§ **DIRECTIONS**: Since the records include pictures, leave those out while you reproduce exactly and only the lines from the one containing "- Longline open" through the one containing "Reine Wohngeldhaushalte in", inclusive.

═════ EXERCISE MATERIAL

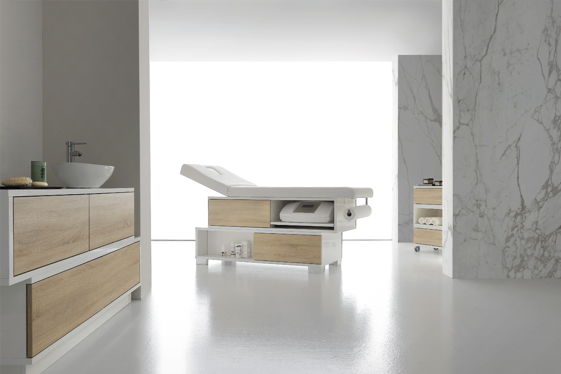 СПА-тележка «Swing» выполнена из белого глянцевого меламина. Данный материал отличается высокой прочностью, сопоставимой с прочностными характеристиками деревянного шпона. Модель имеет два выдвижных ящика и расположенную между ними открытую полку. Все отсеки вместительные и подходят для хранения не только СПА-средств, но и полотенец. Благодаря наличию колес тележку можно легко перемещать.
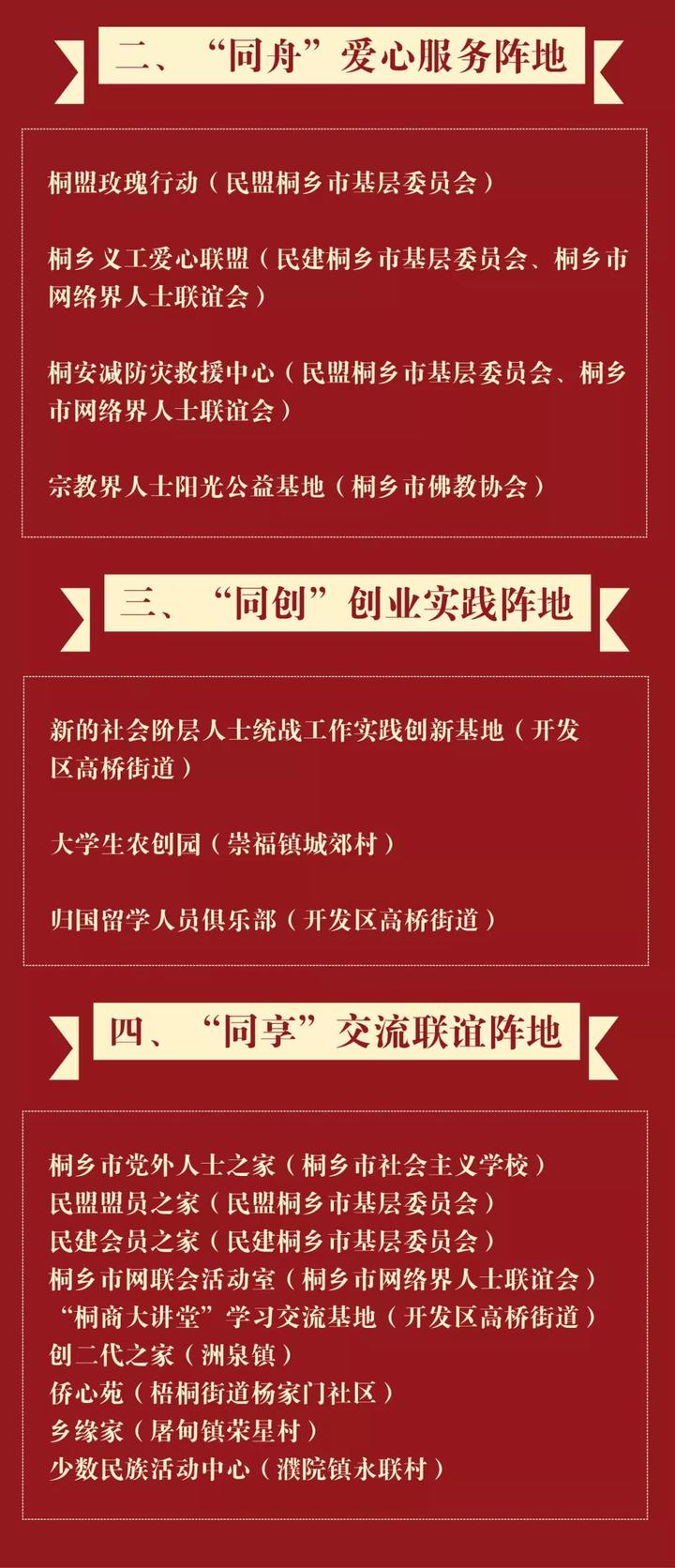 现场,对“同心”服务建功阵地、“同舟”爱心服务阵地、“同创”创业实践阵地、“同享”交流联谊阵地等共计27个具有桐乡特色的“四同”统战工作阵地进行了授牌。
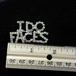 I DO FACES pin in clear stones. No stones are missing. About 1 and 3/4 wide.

══════════
═════ EXERCISE MATERIAL

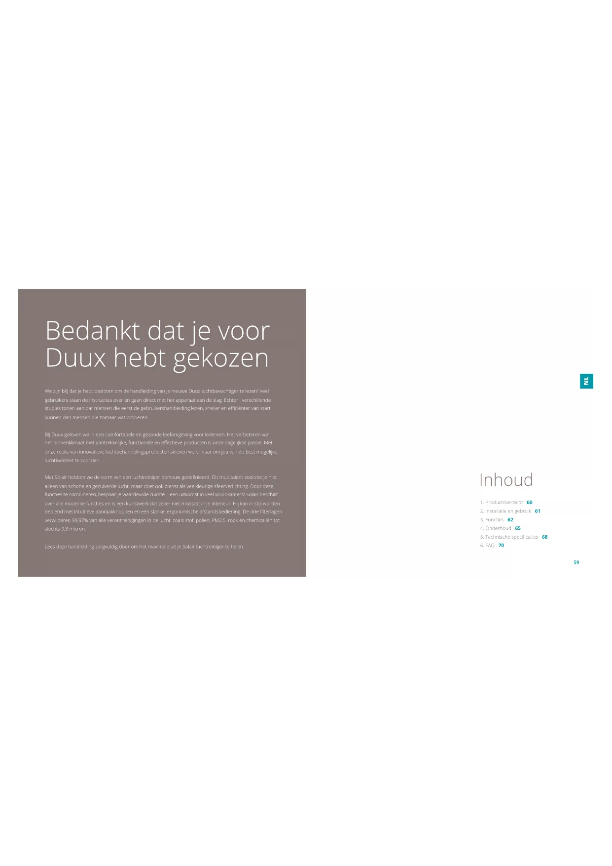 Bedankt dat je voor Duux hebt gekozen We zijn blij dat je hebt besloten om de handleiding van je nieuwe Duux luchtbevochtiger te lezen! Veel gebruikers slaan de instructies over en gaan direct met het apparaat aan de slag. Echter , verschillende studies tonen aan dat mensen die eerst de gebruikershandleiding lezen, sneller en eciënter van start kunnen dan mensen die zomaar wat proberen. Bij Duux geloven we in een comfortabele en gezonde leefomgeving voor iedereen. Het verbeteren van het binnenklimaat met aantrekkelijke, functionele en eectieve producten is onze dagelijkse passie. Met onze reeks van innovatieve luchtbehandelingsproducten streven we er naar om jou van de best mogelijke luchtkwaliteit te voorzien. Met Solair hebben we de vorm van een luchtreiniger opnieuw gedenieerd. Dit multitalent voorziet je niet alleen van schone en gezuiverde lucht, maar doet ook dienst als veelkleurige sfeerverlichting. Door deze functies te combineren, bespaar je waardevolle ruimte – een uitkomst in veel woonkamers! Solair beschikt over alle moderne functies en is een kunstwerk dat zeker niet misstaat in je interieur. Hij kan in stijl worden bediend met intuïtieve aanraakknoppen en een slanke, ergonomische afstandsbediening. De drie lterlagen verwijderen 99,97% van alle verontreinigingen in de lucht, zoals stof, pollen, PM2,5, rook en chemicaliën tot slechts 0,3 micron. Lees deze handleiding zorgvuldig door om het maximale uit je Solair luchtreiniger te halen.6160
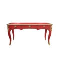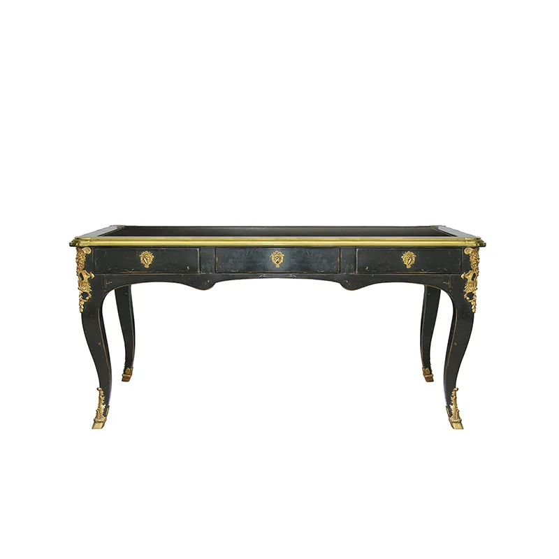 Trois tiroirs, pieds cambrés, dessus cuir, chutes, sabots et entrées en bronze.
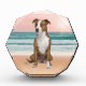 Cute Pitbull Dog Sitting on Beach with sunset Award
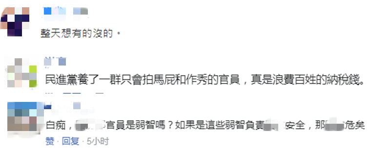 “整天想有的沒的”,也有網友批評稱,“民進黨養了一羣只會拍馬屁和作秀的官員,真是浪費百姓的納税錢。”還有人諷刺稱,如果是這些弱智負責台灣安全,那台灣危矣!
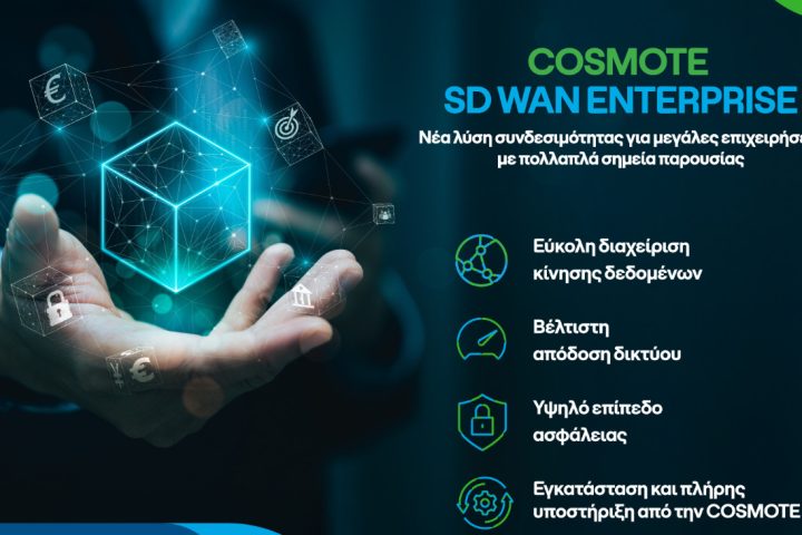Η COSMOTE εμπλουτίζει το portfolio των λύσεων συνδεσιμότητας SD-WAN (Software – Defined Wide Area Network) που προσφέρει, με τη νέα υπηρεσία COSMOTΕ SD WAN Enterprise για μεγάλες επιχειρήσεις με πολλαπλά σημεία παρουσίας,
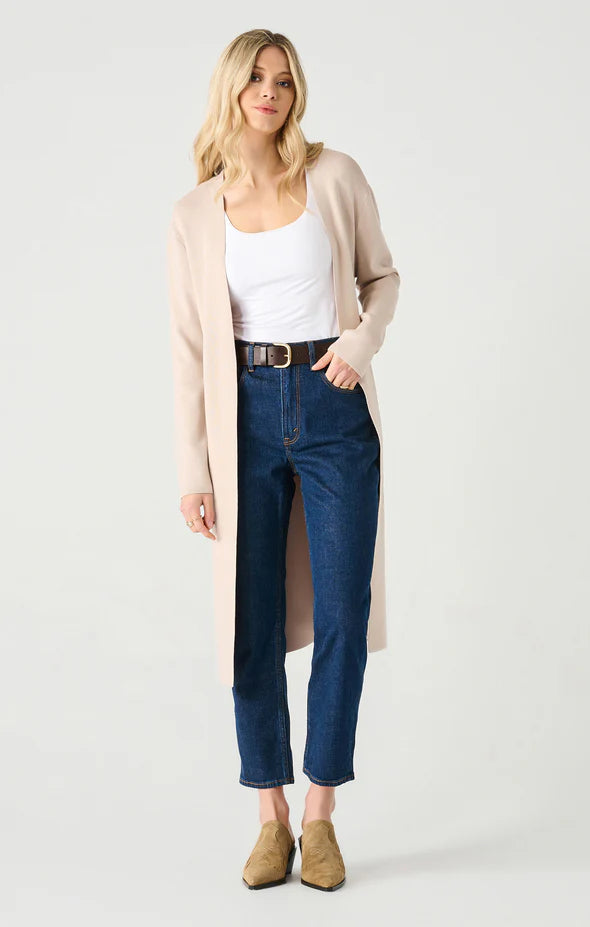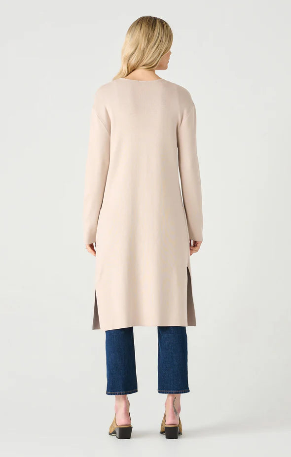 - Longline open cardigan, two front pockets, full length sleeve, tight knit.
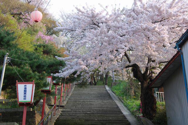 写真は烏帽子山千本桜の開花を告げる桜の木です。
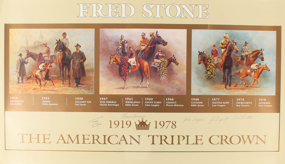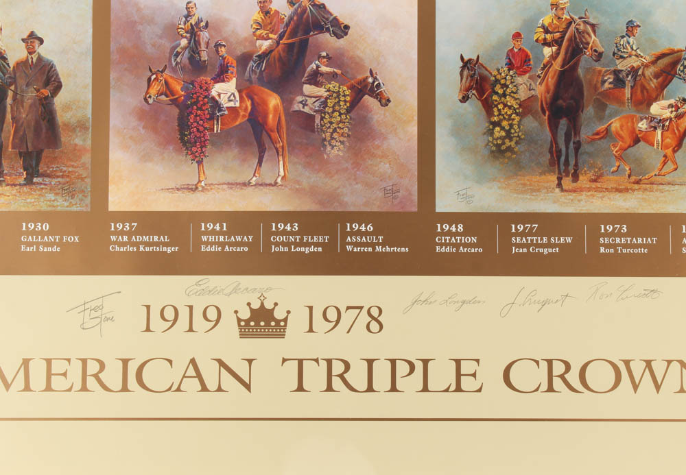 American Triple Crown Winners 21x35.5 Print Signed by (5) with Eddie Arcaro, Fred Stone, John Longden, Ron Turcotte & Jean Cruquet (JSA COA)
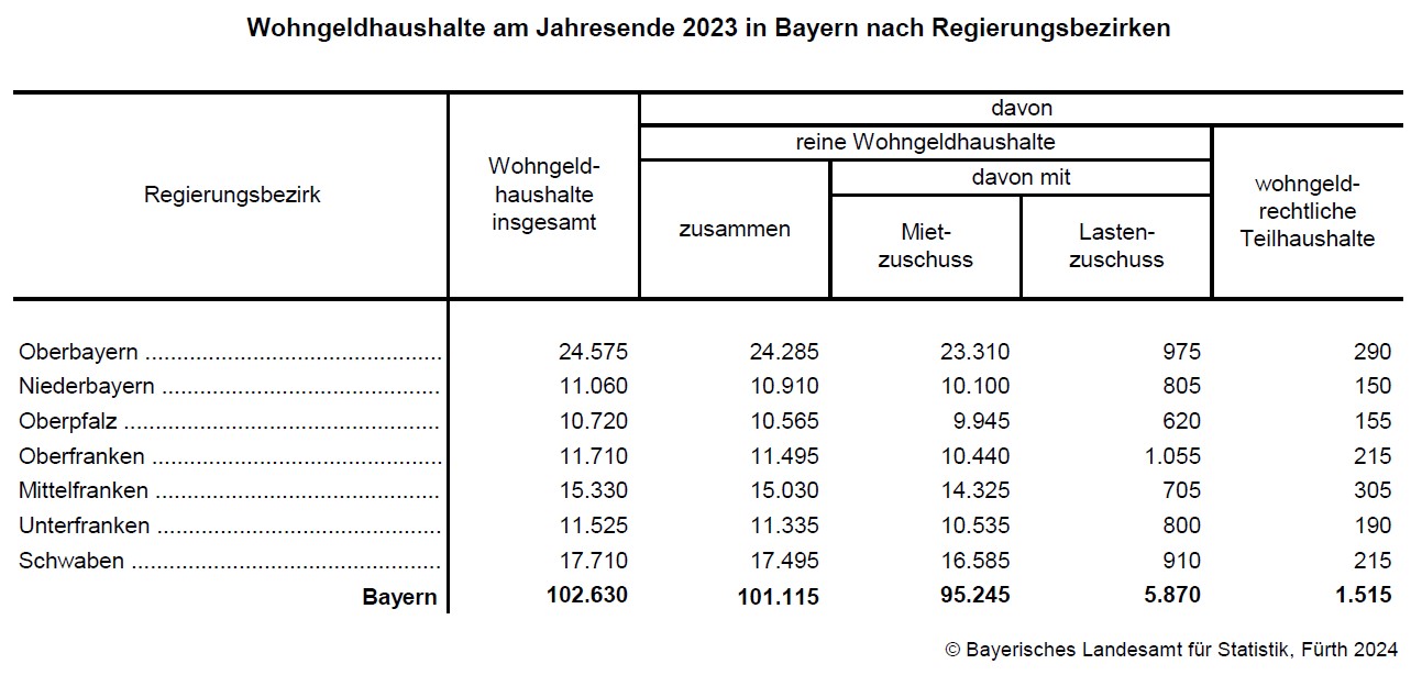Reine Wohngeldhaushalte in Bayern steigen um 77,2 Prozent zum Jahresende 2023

══════════
═════ EXERCISE MATERIAL

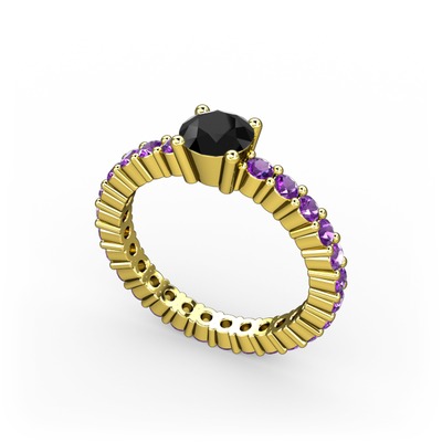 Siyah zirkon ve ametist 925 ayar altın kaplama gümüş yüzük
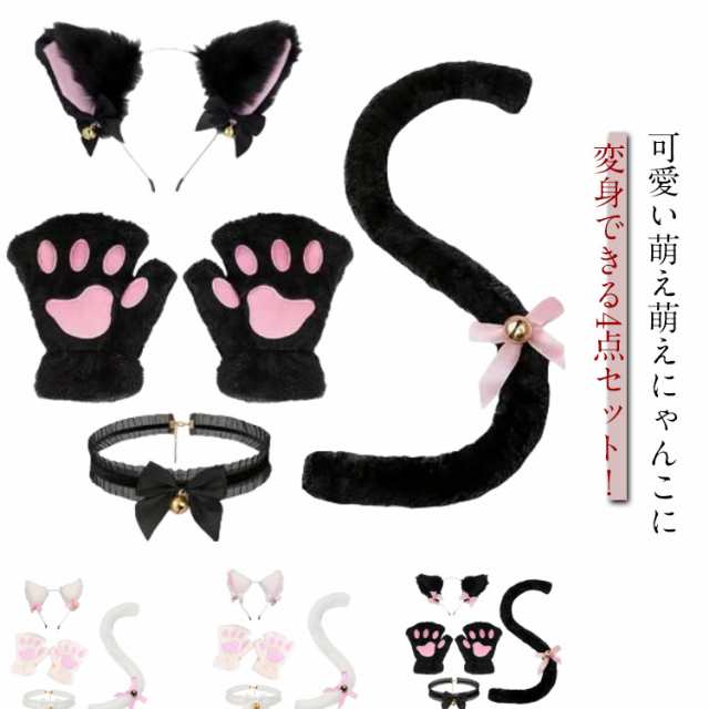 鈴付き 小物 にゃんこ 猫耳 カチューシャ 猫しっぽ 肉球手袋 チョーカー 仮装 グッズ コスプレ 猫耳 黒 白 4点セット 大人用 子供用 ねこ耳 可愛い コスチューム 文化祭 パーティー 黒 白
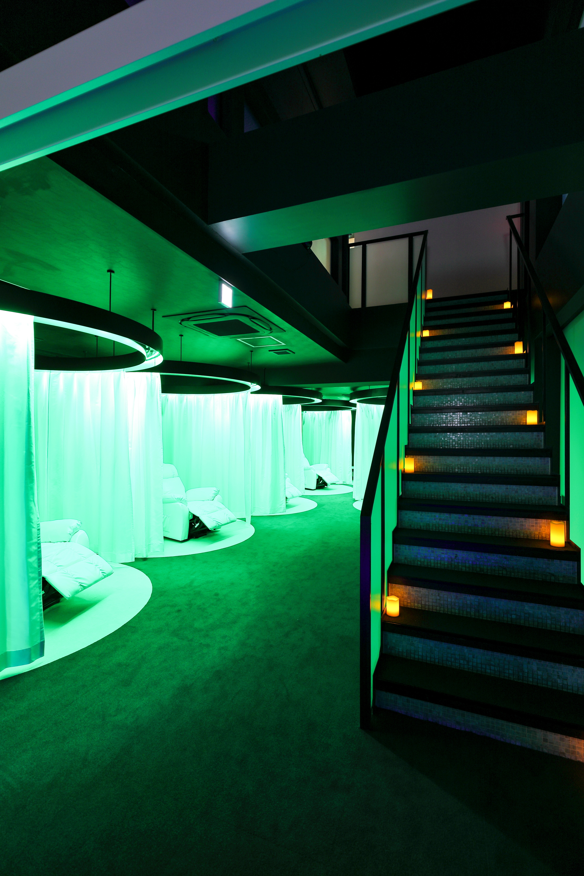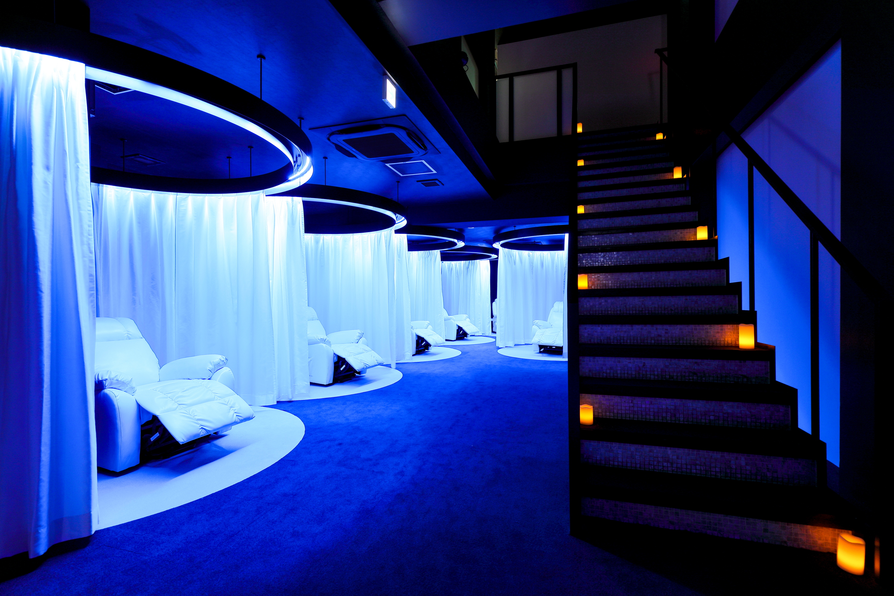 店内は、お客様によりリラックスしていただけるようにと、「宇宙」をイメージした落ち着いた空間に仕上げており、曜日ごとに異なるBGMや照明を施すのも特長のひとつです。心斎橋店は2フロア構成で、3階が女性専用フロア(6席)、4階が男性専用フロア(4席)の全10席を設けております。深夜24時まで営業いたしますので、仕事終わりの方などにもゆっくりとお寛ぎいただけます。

══════════

§ **ANSWER BOX**:
 - Longline open cardigan, two front pockets, full length sleeve, tight knit.
 写真は烏帽子山千本桜の開花を告げる桜の木です。
 American Triple Crown Winners 21x35.5 Print Signed by (5) with Eddie Arcaro, Fred Stone, John Longden, Ron Turcotte & Jean Cruquet (JSA COA)
Reine Wohngeldhaushalte in Bayern steigen um 77,2 Prozent zum Jahresende 2023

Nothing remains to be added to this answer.